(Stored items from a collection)
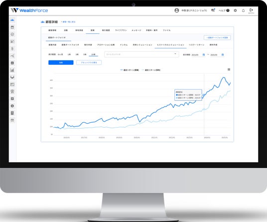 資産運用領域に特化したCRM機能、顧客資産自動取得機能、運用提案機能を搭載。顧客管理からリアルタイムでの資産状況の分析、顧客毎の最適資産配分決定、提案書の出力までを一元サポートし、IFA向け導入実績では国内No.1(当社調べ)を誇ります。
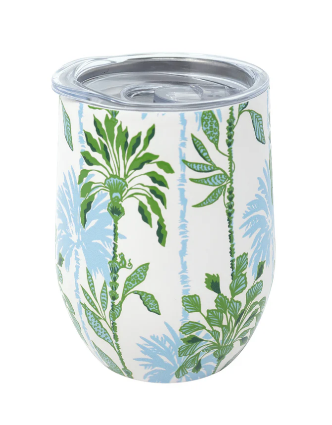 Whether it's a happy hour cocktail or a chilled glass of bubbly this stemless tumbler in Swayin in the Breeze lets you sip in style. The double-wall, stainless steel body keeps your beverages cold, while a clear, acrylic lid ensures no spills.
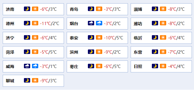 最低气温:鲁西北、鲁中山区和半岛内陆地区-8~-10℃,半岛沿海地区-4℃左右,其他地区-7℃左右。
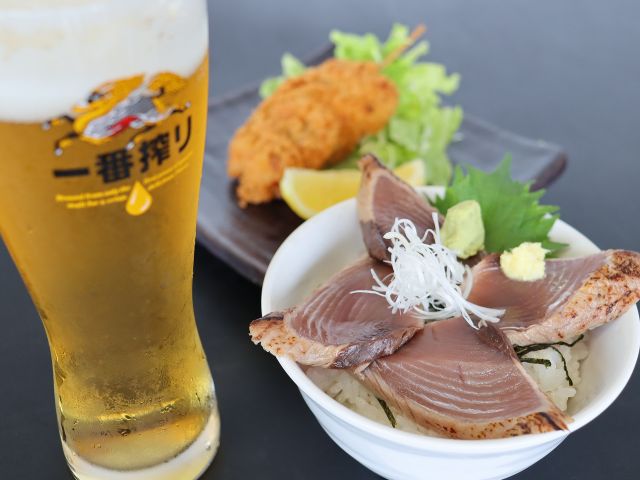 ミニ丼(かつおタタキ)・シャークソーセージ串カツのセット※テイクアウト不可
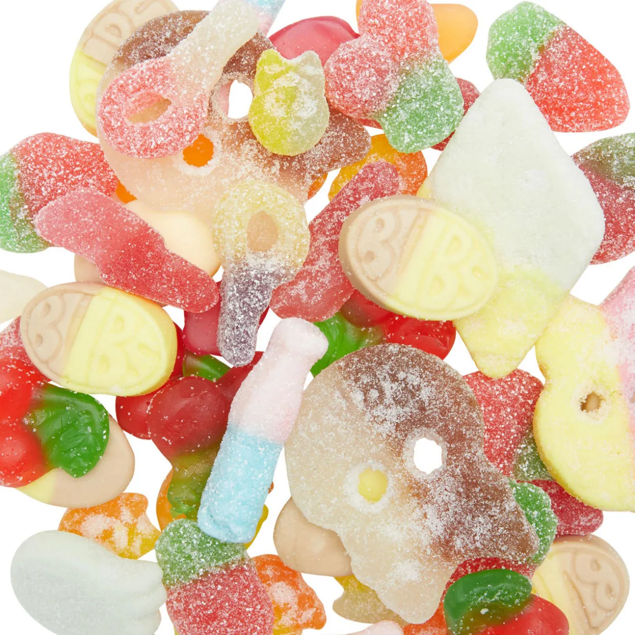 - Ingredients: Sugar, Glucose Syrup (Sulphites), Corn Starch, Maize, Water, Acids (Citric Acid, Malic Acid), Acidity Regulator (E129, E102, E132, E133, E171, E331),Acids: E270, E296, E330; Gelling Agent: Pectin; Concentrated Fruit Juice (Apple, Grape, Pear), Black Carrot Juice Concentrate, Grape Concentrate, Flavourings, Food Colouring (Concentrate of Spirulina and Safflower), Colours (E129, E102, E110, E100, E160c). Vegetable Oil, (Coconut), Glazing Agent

What the task asks:
An exact reproduction of all the records is required, with no pictures included.

Response:
 資産運用領域に特化したCRM機能、顧客資産自動取得機能、運用提案機能を搭載。顧客管理からリアルタイムでの資産状況の分析、顧客毎の最適資産配分決定、提案書の出力までを一元サポートし、IFA向け導入実績では国内No.1(当社調べ)を誇ります。
 Whether it's a happy hour cocktail or a chilled glass of bubbly this stemless tumbler in Swayin in the Breeze lets you sip in style. The double-wall, stainless steel body keeps your beverages cold, while a clear, acrylic lid ensures no spills.
 最低气温:鲁西北、鲁中山区和半岛内陆地区-8~-10℃,半岛沿海地区-4℃左右,其他地区-7℃左右。
 ミニ丼(かつおタタキ)・シャークソーセージ串カツのセット※テイクアウト不可
 - Ingredients: Sugar, Glucose Syrup (Sulphites), Corn Starch, Maize, Water, Acids (Citric Acid, Malic Acid), Acidity Regulator (E129, E102, E132, E133, E171, E331),Acids: E270, E296, E330; Gelling Agent: Pectin; Concentrated Fruit Juice (Apple, Grape, Pear), Black Carrot Juice Concentrate, Grape Concentrate, Flavourings, Food Colouring (Concentrate of Spirulina and Safflower), Colours (E129, E102, E110, E100, E160c). Vegetable Oil, (Coconut), Glazing Agent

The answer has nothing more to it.